Records for the exercise.
···

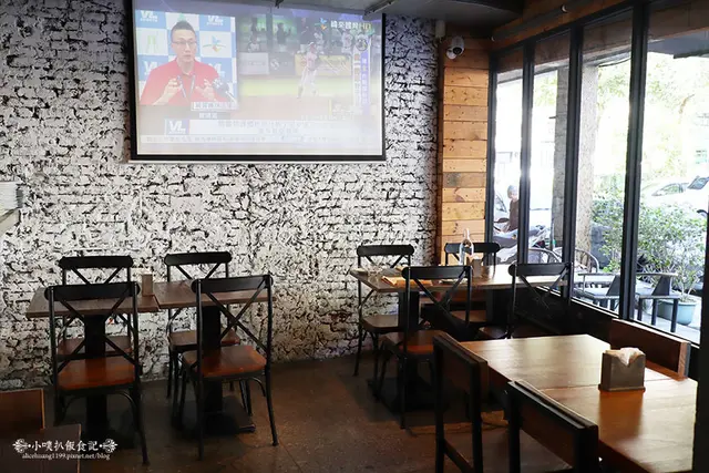 木質的桌椅,搭配木片拼接的牆面,色調感覺相當舒適
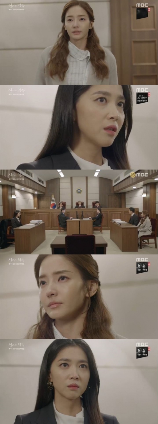 16일 방송된 MBC 주말드라마 '신과의 약속'(극본 홍영희, 연출 윤재문)에서 서지영(한채영 분)과 우나경(오윤아 분)은 법정에서 만났다.
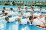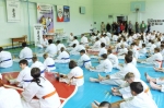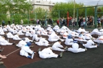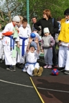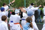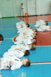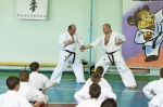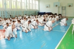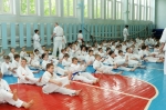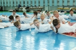 Ученики были поделены на три возрастные группы и экзамены для них проводились в разное время. У младших учеников 5-10 лет за день до основного экзамена прошли традиционные в бранче зачеты по физподготовке (прыжок с места, метание мяча из-за головы сидя, бег 30 метров).
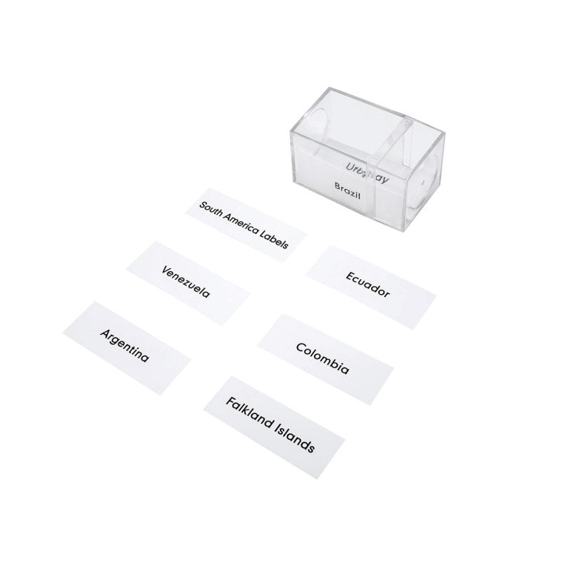 A set of labels printed with 12 countries names to be used with the Puzzle Map of South America. Transparent plastic container included.
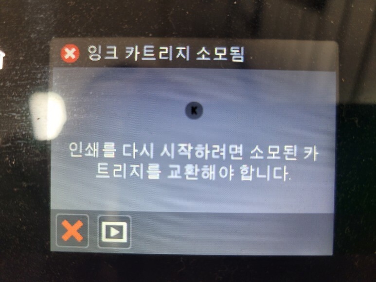 HP 8610 팩스복합기 무한잉크가 잉크 카트리지 소모됨 문제로 멈췄습니다.
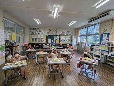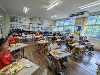 3年生と4年生は、教室に入る人数の関係でそれぞれ食べました。
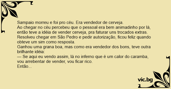 Ao chegar no céu percebeu que o pessoal era bem animadinho por lá, então teve a idéia de vender cerveja, pra faturar uns trocados extras.
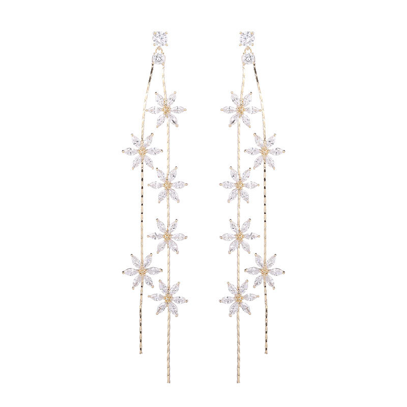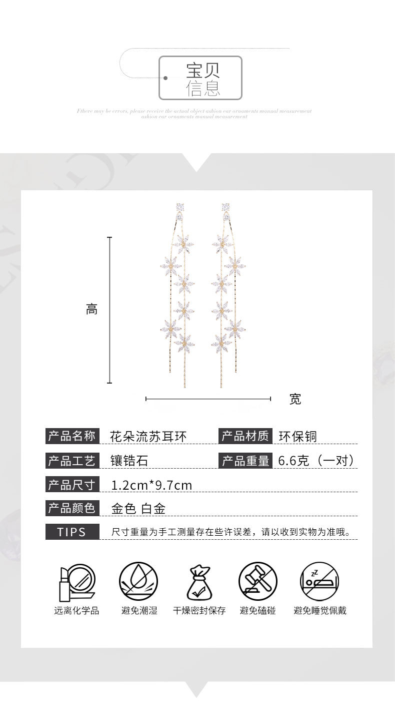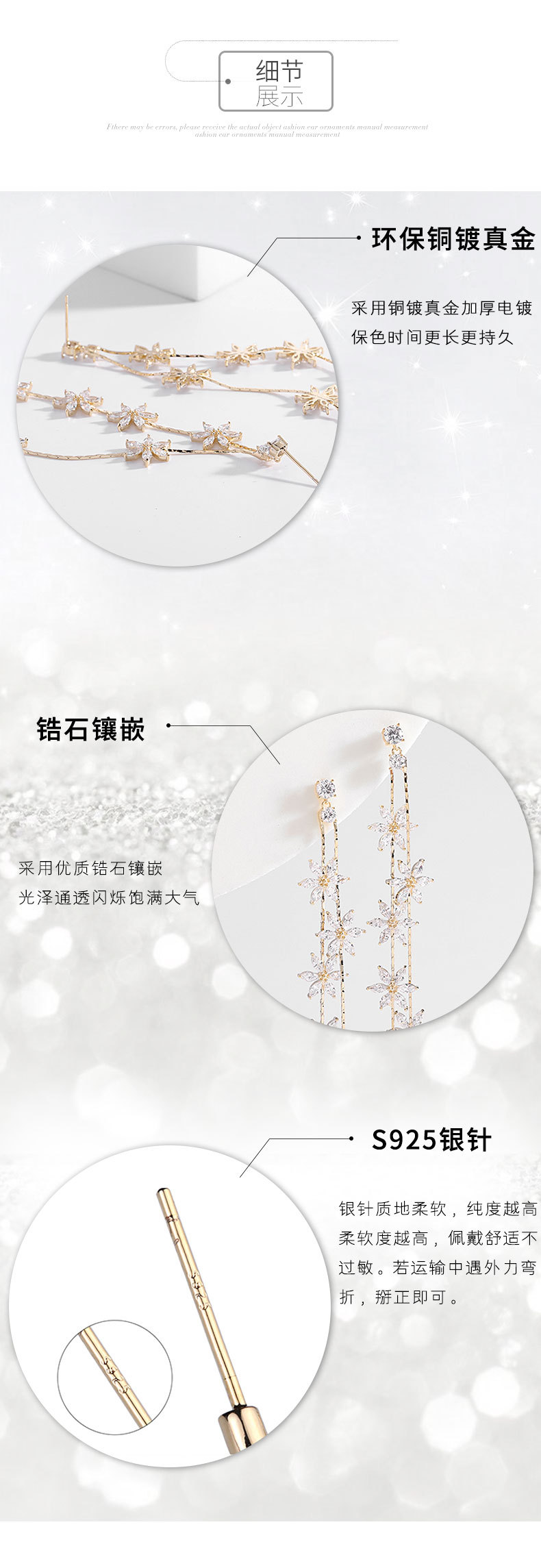 镀真金气质百搭,修饰脸型耳饰锆石花朵流苏耳环LY-E-080
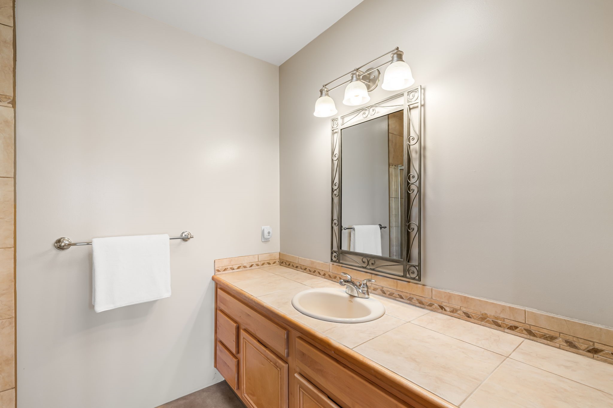 RARE OFFERING IN SPIRIT WIND RANCH! This single-level, passive-solar beauty offers long-range mountain views and privacy. Sited on 5 acres overlooking the Galisteo Basin, Sandia and Ortiz mountains. Radiant heat tubing is WIRSBO. Wonderful kitchen has Taj Mahal counters, bar with seating, two pantries, high-end stainless steel appliances and seating area. Living area has beautiful viga ceilings and wood-burning kiva fireplace. Primary bedroom has a gas fireplace and doors to rear portal. Bath has double sinks, jetted tub, separate shower and walk-in closet. Spacious office/studio space with en-suite 3/4 bath and separate entrance. Property has been pre-inspected and all repairs have been made. Inspection report available on request. Walled front courtyard is on drip with freshly painted gate. Proper laundry with sink and storage. Insulated blinds are all on a remote. Oversized and finished 2-car garage. NO KITEC. NO STEPS. Whole house water filtration - Aguasana. HOA has contract with Farrellgas for reduced rates. Septic has been inspected and lot corners are flagged.
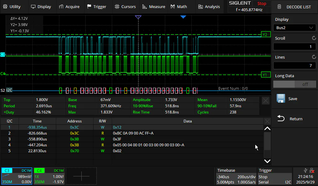 ~1.1ms Read Example of a Gyro 2 Packet (12bytes) over the Oscilloscope DECODE.

···

Directions for this task. Working from the entries above, please transcribe only the lines from the line with "HP 8610 팩스복합기 무한잉크가 잉크 카트리지 소모됨 문제로 멈췄습니다." through the line with "镀真金气质百搭,修饰脸型耳饰锆石花朵流苏耳环LY-E-080", exactly, with both end lines and without pictures.

Result of the exercise.
 HP 8610 팩스복합기 무한잉크가 잉크 카트리지 소모됨 문제로 멈췄습니다.
 3年生と4年生は、教室に入る人数の関係でそれぞれ食べました。
 Ao chegar no céu percebeu que o pessoal era bem animadinho por lá, então teve a idéia de vender cerveja, pra faturar uns trocados extras.
 镀真金气质百搭,修饰脸型耳饰锆石花朵流苏耳环LY-E-080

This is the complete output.